Processing data basics#

Data Processing consists in a series of operations applied to data to achieve a goal. DPF enables you to access and transform simulation data using customizable workflows.

There is an extensive catalog of operators with different kinds and complexity that can be used together.

The tutorials in this section presents a basic application of PyDPF-Core as post-processing tool.

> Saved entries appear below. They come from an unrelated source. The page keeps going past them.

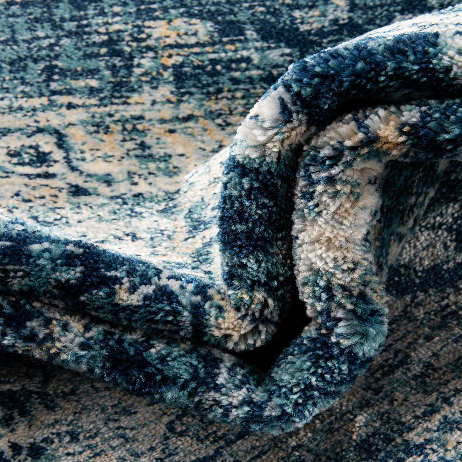 Primary color is Navy Blue. Colors in this rug include: Navy Blue, Beige, Blue, Gray, Tan.
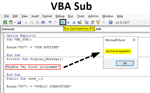 بناء جملة VBA Subroutine في برنامج Microsoft Excel وكيفية استدعاء Sub في لغة البرمجة VBA
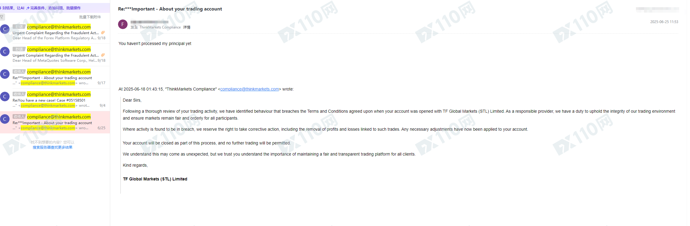 今年4~5月份入金了30000USD,在2025年6月10日,由于单边行情,我的账户产生了收益,随之不久后我收到一封来自thinkmarkets平台的邮件,声称我参与了非法活动,并通知我他们将调整账户余额并关闭我的账户!他们不仅仅扣除了我全部利润43,685USD,我尝试出金本金30000USD三个月以来一直不予处理!三个月以来我多次联系智汇平台索要我的本金和利润,该平台都是置之不理,没有任何反应!我甚至投诉了监管,他们是黑平台,根本不会被合法监管,大家千万不要来这个平台!!!!
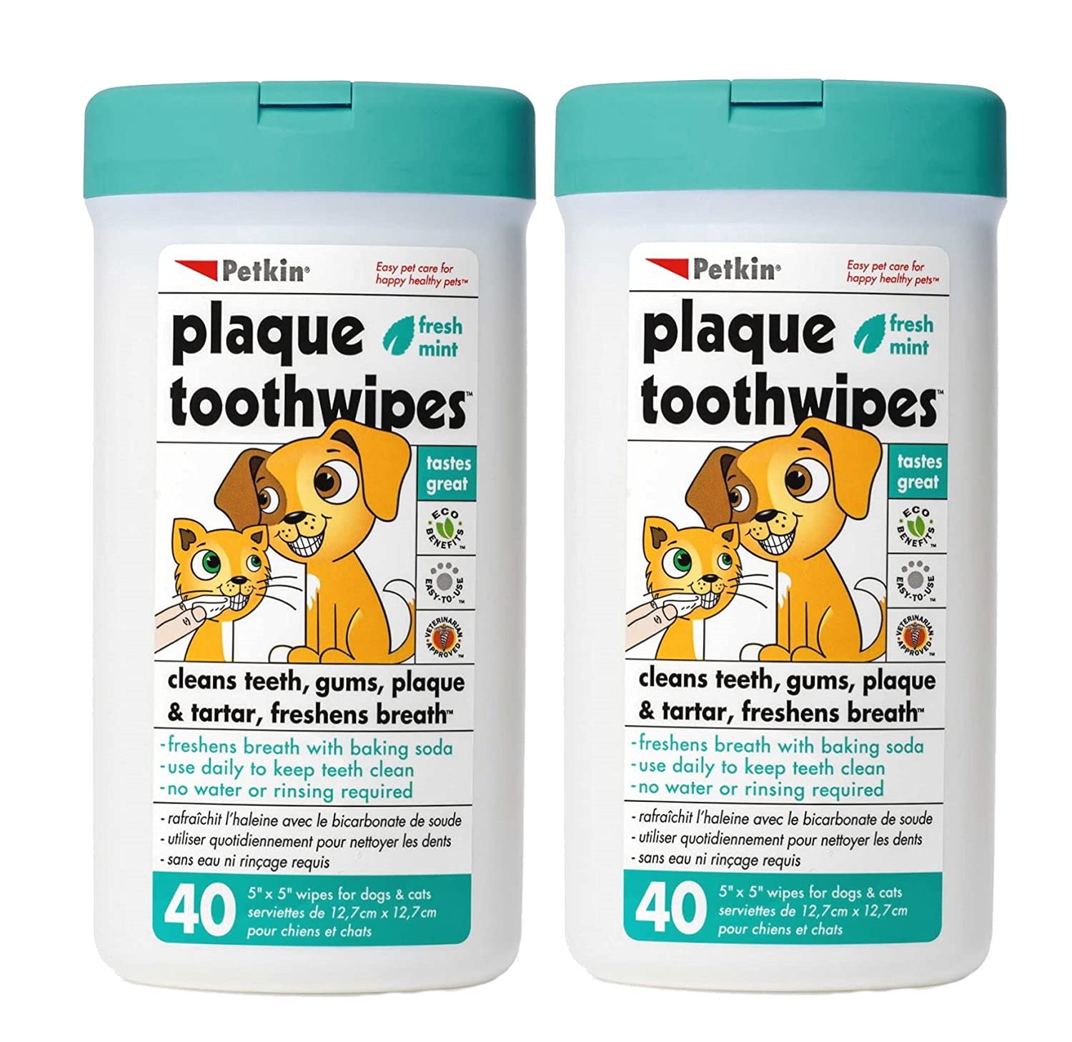 These wipes provide a convenient way to keep your furry friend’s teeth and gums healthy by wiping away daily residue. Each soft wipe is moistened with natural baking soda and mint flavor to gently clean while freshening his breath.

Postprocessing main steps#

There are four main steps to transform simulation data into output data that can be used to visualize and analyze simulation results:

1

Importing and opening results files

1- Import and open results files
2

Access and extract results

2- Access and extract results
3

Transform available data

3- Transform available data
4

Visualize the data

4- Visualize the data

Download tutorial as Python script Download tutorial as Jupyter notebook

1- Import and open results files#

First, import the DPF-Core module as dpf and import the included examples file

# Import the ansys.dpf.core module as ``dpf``
from ansys.dpf import core as dpf
# Import the examples module
from ansys.dpf.core import examples
# Import the operators module
from ansys.dpf.core import operators as ops

`DataSources’ is a class that manages paths to their files. Use this object to declare data inputs for DPF and define their locations.

# Define the DataSources object
my_data_sources = dpf.DataSources(result_path=examples.find_simple_bar())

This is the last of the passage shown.